Working Across Packages:

Each package is independent - install dependencies in each directory you work with:

cd lessons/05-rag/sample-app && npm install
cd ../../06-tool-calling/solution && npm install

Common Development Tasks

Adding a New Lesson Sample:

  1. Create lesson directory: lessons/XX-lesson-name/
  2. Add README.md with lesson content
  3. Create sample-app/ with starter code
  4. Create solution/ with complete code
  5. Add package.json with required dependencies
  6. Update main README.md and _sidebar.md

Running Spell Check:

# Triggered via GitHub Actions workflow
# Checks: README.md and lessons/01-intro-to-genai/README.md

Testing Links:

# Runs automatically weekly via GitHub Actions
# Or trigger manually via workflow_dispatch

Character App Specifics

The companion app (/app/) allows interaction with historical AI characters.

Key Files:

  • app.js - Express server and OpenAI integration
  • public/characters.json - Character definitions and system prompts
  • public/index.html - Frontend interface
  • views/ - EJS templates

Character Configuration:

Edit public/characters.json to:

  • Add new characters
  • Modify character descriptions (used as system prompts)
  • Change character personalities

Adding Background Audio (Optional):

  1. Download royalty-free music
  2. Place in public/audio/ as <character-name>.mp3
  3. Uncomment audio code in index.html

Troubleshooting

"Cannot find module" errors:

# Ensure you're in the correct directory with package.json
cd lessons/<lesson-name>/sample-app
npm install

GitHub Models authentication issues:

# Verify token is set
echo $GITHUB_TOKEN

# For Codespaces: Token is automatically available
# For local: Create PAT at https://github.com/settings/tokens

TypeScript compilation errors:

cd lessons/07-mcp/solution
# Check tsconfig.json exists
npm install
npm run build

Port already in use:

# Kill process on port 3000
lsof -ti:3000 | xargs kill -9

# Or use a different port in your app configuration

Additional Notes

Responsible AI:

This repository contains fictional AI-generated content.
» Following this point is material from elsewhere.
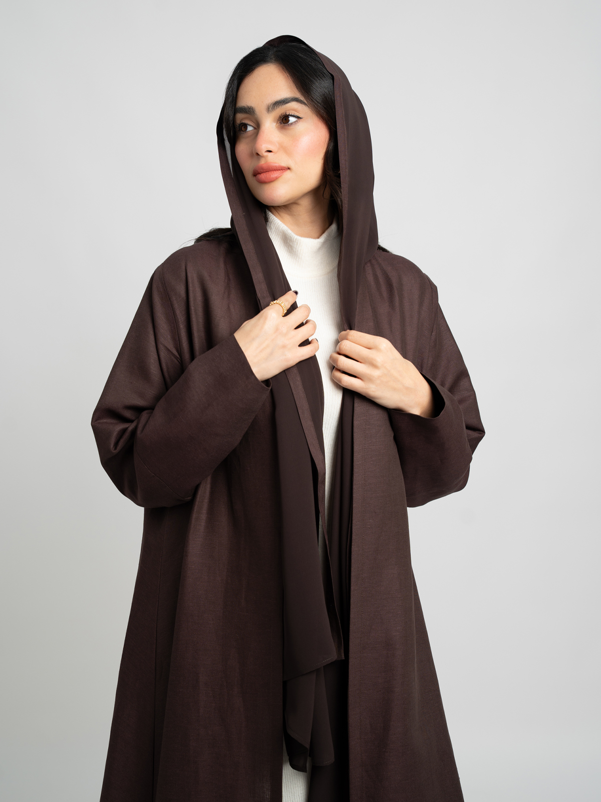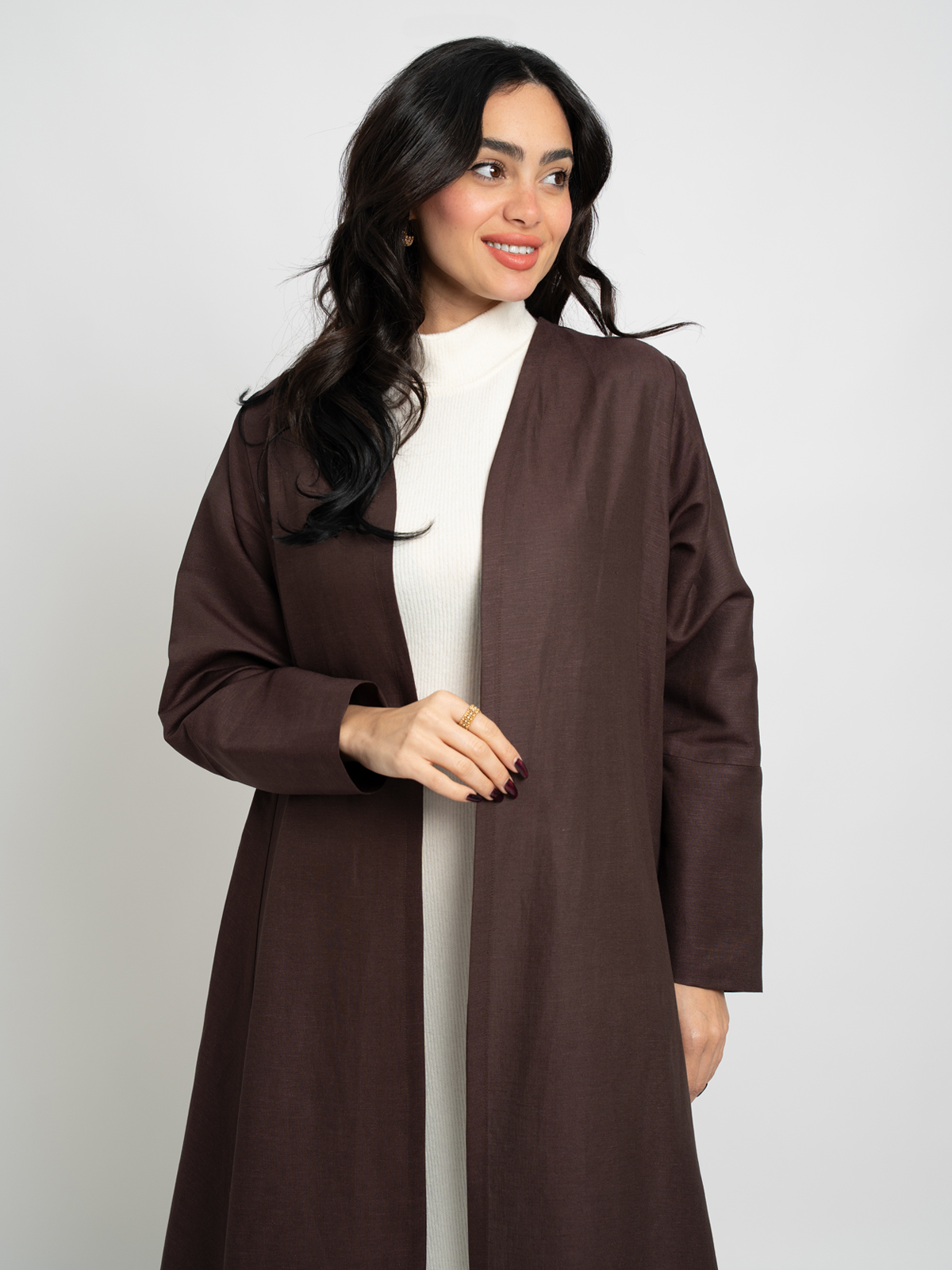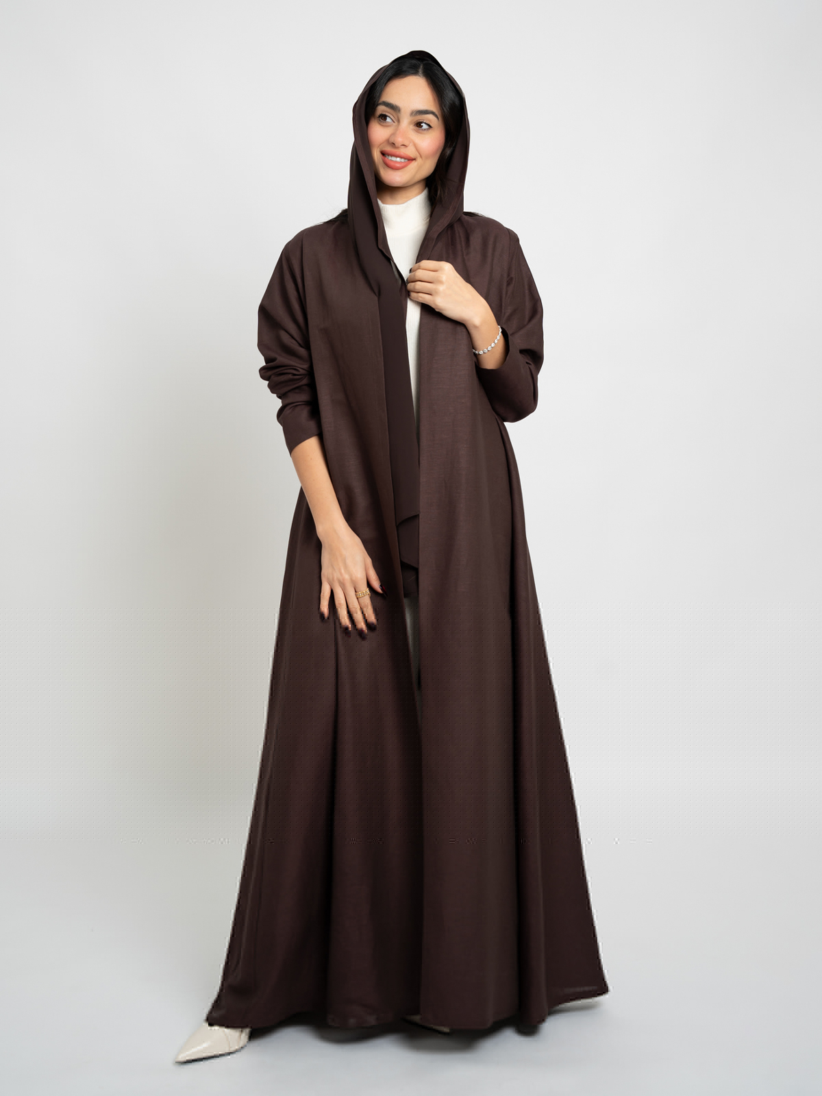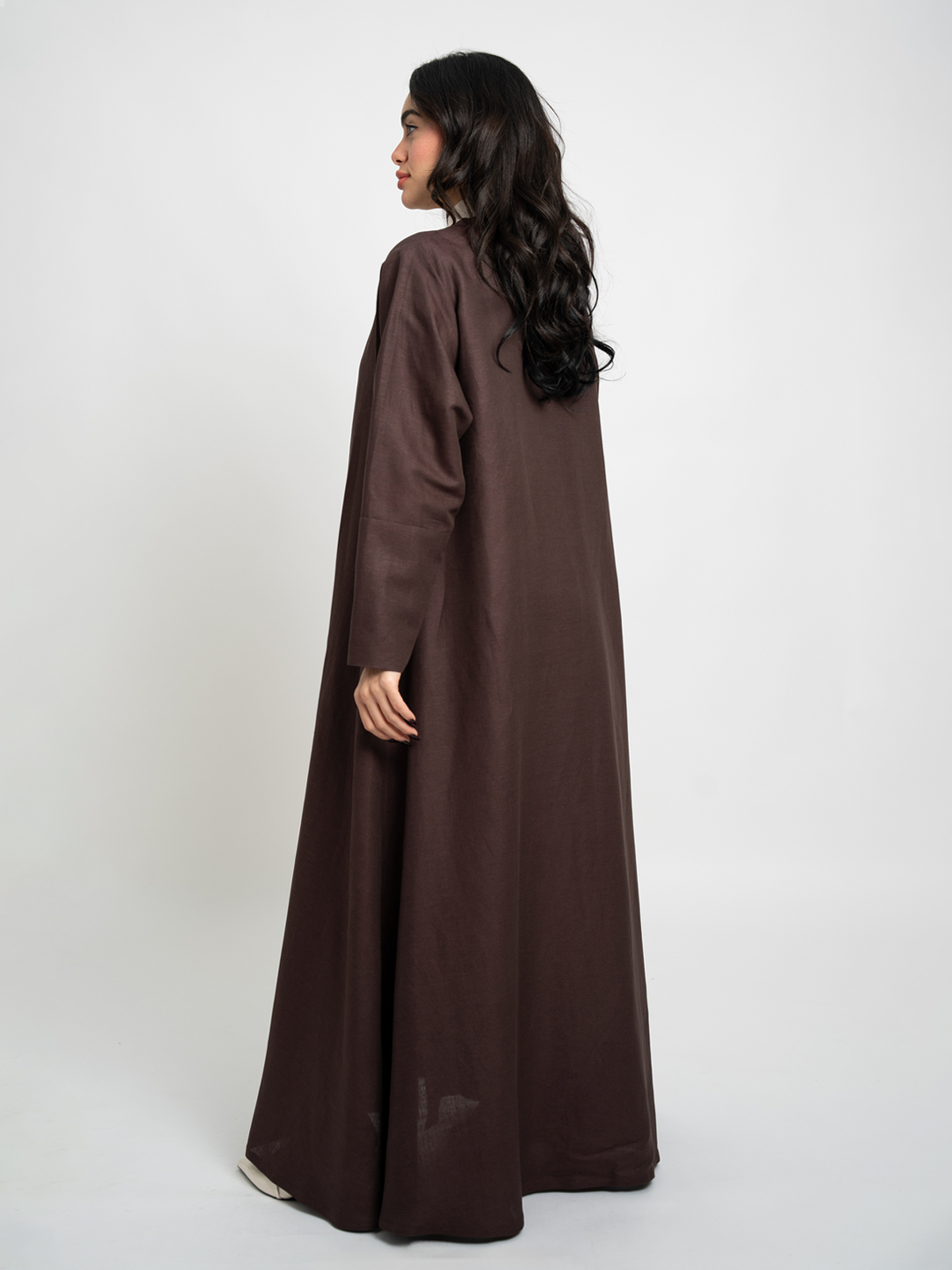 Half Cloche A-Cut Long Open Abaya in Linen Fabric

Historical characters generate responses via AI based on training data, not actual historical views. Content is for educational and entertainment purposes only.

Educational Focus:

  • Each lesson builds progressively on previous concepts
  • Narrative-driven learning with time-travel story
  • Hands-on coding exercises with solutions provided
  • Video content supplements written lessons

Contributing:

  • See .github/CONTRIBUTING.md for contribution guidelines
  • Follow existing code patterns and structure
  • Add translations in lessons/<lesson>/translations/
  • Use issue templates in .github/ISSUE_TEMPLATE/

Community Resources:

Performance Considerations:

  • GitHub Codespaces requires 16GB RAM (configured in devcontainer.json)
  • Ollama models (phi3, all-minilm) pre-installed in Codespaces
  • Keep lesson samples lightweight and focused
  • Use streaming for better UX in production apps (see lesson 10)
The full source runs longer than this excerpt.